Chrome 139 beta

Published: June 25, 2025

Unless otherwise noted, the following changes apply to the newest Chrome beta channel release for Android, ChromeOS, Linux, macOS, and Windows. Learn more about the features listed here through the provided links or from the list on ChromeStatus.com. Chrome 139 is beta as of 25 June 2025. You can download the latest on Google.com for desktop or on Google Play Store on Android.

CSS

This release adds six new CSS and UI features.

Short-circuiting var() and attr()

When the fallback is not taken, var() and attr() functions evaluate without looking for cycles in that fallback. The following CSS works, because --green and --blue exist.

--green: green;
--blue: blue;
--a: var(--green, var(--b));
--b: var(--blue, var(--a));

CSS caret-animation property

Chrome already supported animation of the caret-color property, but when animated the default blinking behavior of the caret interfered with the animation. The CSS caret-animation property has two possible values: auto and manual, where auto means browser default (blinking) and manual means the web developer is controlling the caret animation. The property also lets users disable blinking using a user stylesheet.

Corner shaping

Enable styling corners, on top of the existing border-radius, by specifying the shape or curvature of the corner. This lets you create shapes like squircles, notches, and scoops, and animate between them. Learn more in this post from Amit Sheen.

Continue running transitions when switching to the initial transition value.

When the transition related properties change, they are only supposed to affect newly started transitions. This means that if you change the transition properties, unless you also change the properties which have active transition animations, those transition animations will continue with the previously specified duration, easing, etc. Blink incorrectly canceled transitions when the transition property was set to "none", even though it doesn't cancel them if you only change the transition-duration. With this feature, blink will be consistent with webkit and gecko, allowing active transitions to continue running, unless or until their property value changes triggering a new transition update.

CSS Custom Functions

Custom Functions are similar to custom properties, but instead of returning a single, fixed value, they return values based on other custom properties, parameters, and conditionals.

@function --negate(--value) {
result: calc(var(--value) * -1);
}

div {
--gap: 1em;
margin-top: --negate(var(--gap));
}

Support width and height as presentation attributes on nested <svg> elements

Supports applying width and height as presentation attributes on nested <svg> elements through both SVG markup and CSS. This dual approach provides even greater flexibility, letting you manage and style SVG elements more efficiently within complex designs.

Web APIs

Web App Manifest: specify update eligibility, icon URLs are Cache-Control: immutable

Specify an update eligibility algorithm in the manifest spec. This makes the update process more deterministic and predictable, giving developers more control over whether (and when) updates should apply to existing installations, and allowing removal of the 'update check throttle' that user agents currently need to implement to avoid wasting network resources.

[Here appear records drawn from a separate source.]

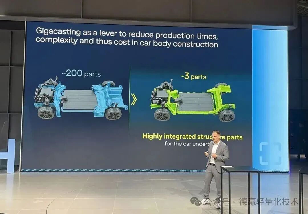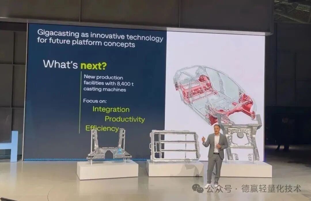 ![]() 日前(2025年9月9日至14日),在慕尼黑举办的IAA Mobility 2025车展上,大众汽车在技术日发布会上宣布将为多款即将上市的入门级电动车采用一体化压铸技术。 初期战略包括整合大型铝铸电池托盘,或更精确地说,托盘框架。该技术将率先应用于全新大众ID. Polo、Cupra Raval、Škoda Epiq以及尚未公布量产版的VW ID. Cross。 马克·亚当博士在会议中探讨了大型铸件的未来发展,强调其能缩短生产周期、降低复杂度并实现成本节约,同时透露可能规划新建配备8400吨压铸机的工厂,重点提升集成化、生产力和效率。 演讲还展望了大众“一体化压铸”战略的扩展前景,将其定位为高产量电动平台的里程碑。 大众尚未就前后底盘一体化压铸方案作出最终决定,但明确表示若未来选择“特斯拉路线”,则需采用演讲中提及的8400吨级等一体化压铸机。
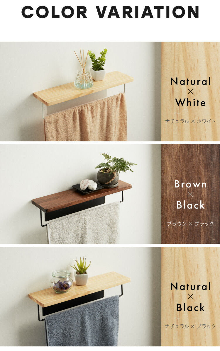 タオルハンガー 洗面所 天然木 スチール 40×11×10cm 木製 おしゃれ 一人暮らし シンプル ナチュラル 北欧 タオル掛け タオルラック タオル干し トイレ 風呂 棚 賃貸 インテリア 新生活 DIY 収納 壁
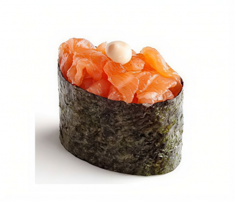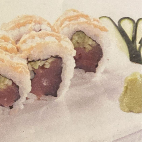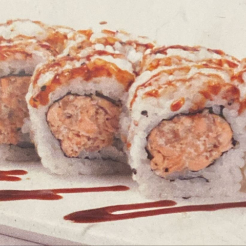 Roll di riso farciti con gambero fritto e *gamberetti, guarnito con salmone scottato e maionese e salsa teriyaki
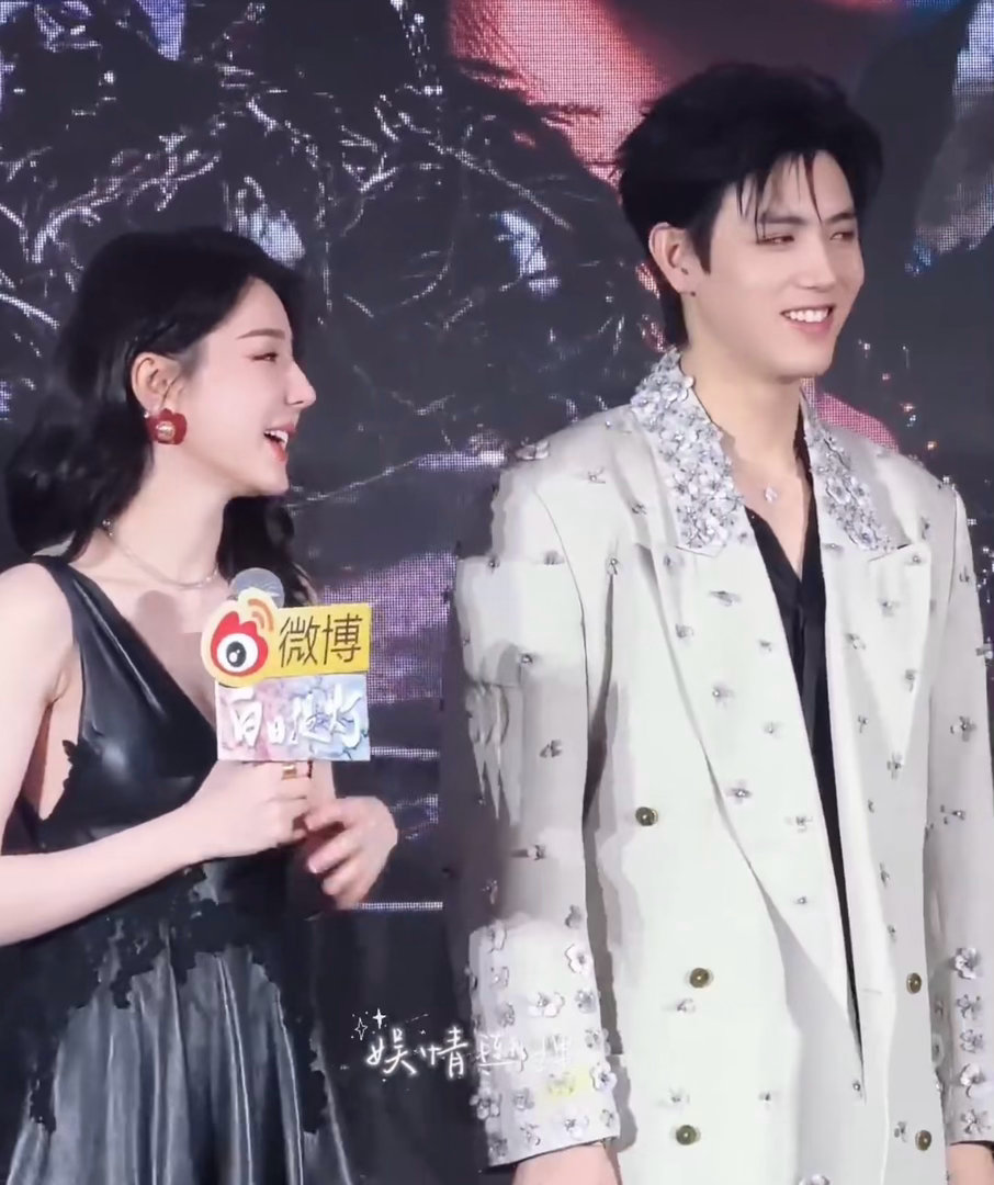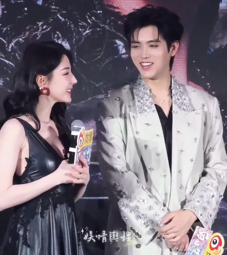 陈飞宇和迪丽热巴说悄悄话迪丽热巴白到发光,陈飞宇在旁边悄悄说话。一个负责美,一个
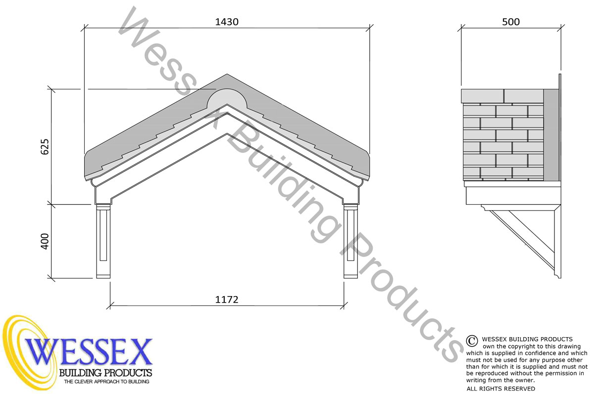 The entrance door canopy is a simple but surprisingly effective feature on any home, which can totally transform the front elevation of the building. Wessex entrance door canopies have been developed to allow individual and architectural tastes to be expressed for both refurbishment and new-build projects. Manufactured from lightweight long-lasting low maintenance GRP materials. Wessex apex GRP replica tile entrance door canopies are manufactured in two component parts which are factory assembled and laminate bonded to form a complete unit. The canopy is delivered ready to install, installation is quick and easy following the Wessex installation guide. Maintenance of your Wessex entrance door canopy is not required apart from periodic cleaning to remove any dirt or grubby marks with a damp cloth and household non-abrasive detergent. Wessex Building Products have been manufacturing entrance door canopies for over 35 years and found that GRP canopies installed and exposed to the elements and natural light for periods in excess of 10 years will not suffer any significant change in the physical properties of the canopy. Life expectancy beyond 40 years can be expected.
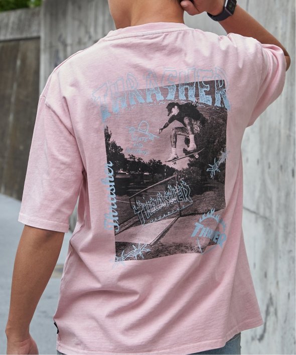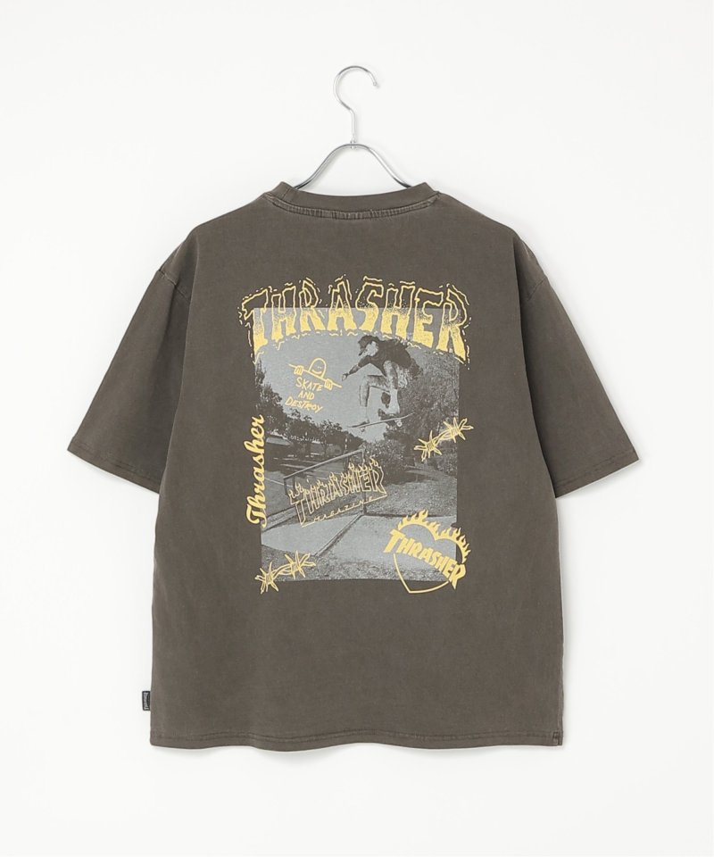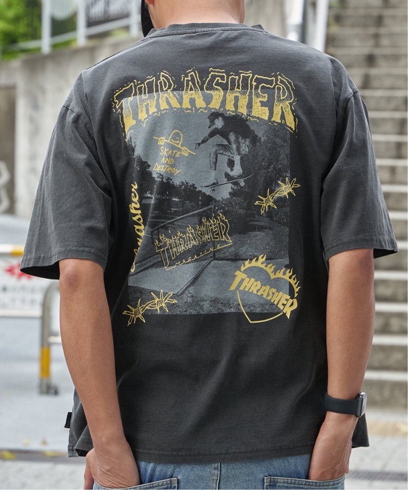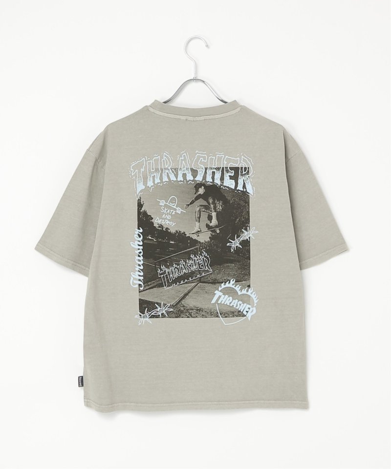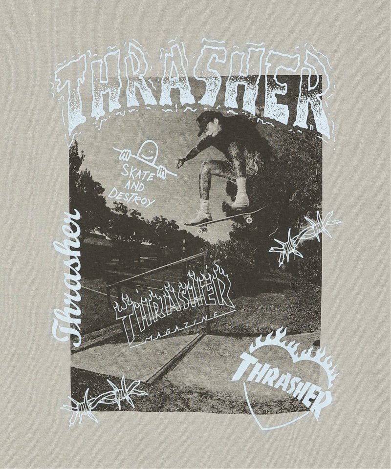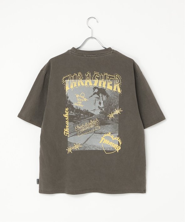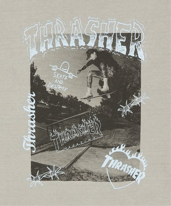 スケートボードのワンシーンを切り取ったフォトプリントに、「THRASHER/スラッシャー」らしい、遊び心のあるロゴモチーフを重ねたバックプリントが目を引くデザイン。

WebXR Depth Sensing Performance Improvements

Exposes several new mechanisms to customize the behavior of the depth sensing feature within a WebXR session, with the goal of improving the performance of the generation or consumption of the depth buffer. The key mechanisms exposed are: the ability to request the raw or smooth depth buffer, the ability to request that the runtime stop or resume providing the depth buffer, and the ability to expose a depth buffer that does not align with the user's view exactly, so that the user agent does not need to perform unnecessary re-projections every frame.

Allow more characters in JavaScript DOM APIs

The HTML parser has always (or for a long time) allowed elements and attributes to have a wide variety of valid characters and names, but the JavaScript DOM APIs that create the same elements and attributes are more strict and don't match the parser. This change relaxes the validation of the JavaScript DOM APIs to match the HTML parser.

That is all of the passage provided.